(What to produce):
Return the lines below exactly as they appear, please, starting with the first and ending with the one that contains "LORO PIANA Beyaz Triko Nakış Detay Tişört".

(Recorded information):
********

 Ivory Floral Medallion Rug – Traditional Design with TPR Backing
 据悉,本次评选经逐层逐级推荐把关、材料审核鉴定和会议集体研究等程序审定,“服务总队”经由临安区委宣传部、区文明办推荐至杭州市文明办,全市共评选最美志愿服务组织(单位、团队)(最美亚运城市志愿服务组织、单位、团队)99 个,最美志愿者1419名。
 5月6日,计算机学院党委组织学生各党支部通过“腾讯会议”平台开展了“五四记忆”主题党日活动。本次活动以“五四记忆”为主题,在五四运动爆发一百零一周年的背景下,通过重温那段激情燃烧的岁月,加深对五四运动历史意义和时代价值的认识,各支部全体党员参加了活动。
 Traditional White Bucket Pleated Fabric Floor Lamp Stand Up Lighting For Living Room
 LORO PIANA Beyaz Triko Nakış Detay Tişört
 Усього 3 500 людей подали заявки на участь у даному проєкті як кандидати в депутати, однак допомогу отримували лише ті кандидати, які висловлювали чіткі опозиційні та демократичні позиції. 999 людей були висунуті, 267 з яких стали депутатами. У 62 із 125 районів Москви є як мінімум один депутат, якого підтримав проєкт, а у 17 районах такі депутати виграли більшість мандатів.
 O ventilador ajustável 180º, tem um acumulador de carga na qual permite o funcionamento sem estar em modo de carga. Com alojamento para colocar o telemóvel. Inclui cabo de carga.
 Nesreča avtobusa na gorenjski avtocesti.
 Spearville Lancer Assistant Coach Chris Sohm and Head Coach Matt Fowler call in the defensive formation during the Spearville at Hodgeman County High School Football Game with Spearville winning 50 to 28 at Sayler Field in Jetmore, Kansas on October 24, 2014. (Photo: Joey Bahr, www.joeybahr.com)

********

(Written solution):
 Ivory Floral Medallion Rug – Traditional Design with TPR Backing
 据悉,本次评选经逐层逐级推荐把关、材料审核鉴定和会议集体研究等程序审定,“服务总队”经由临安区委宣传部、区文明办推荐至杭州市文明办,全市共评选最美志愿服务组织(单位、团队)(最美亚运城市志愿服务组织、单位、团队)99 个,最美志愿者1419名。
 5月6日,计算机学院党委组织学生各党支部通过“腾讯会议”平台开展了“五四记忆”主题党日活动。本次活动以“五四记忆”为主题,在五四运动爆发一百零一周年的背景下,通过重温那段激情燃烧的岁月,加深对五四运动历史意义和时代价值的认识,各支部全体党员参加了活动。
 Traditional White Bucket Pleated Fabric Floor Lamp Stand Up Lighting For Living Room
 LORO PIANA Beyaz Triko Nakış Detay Tişört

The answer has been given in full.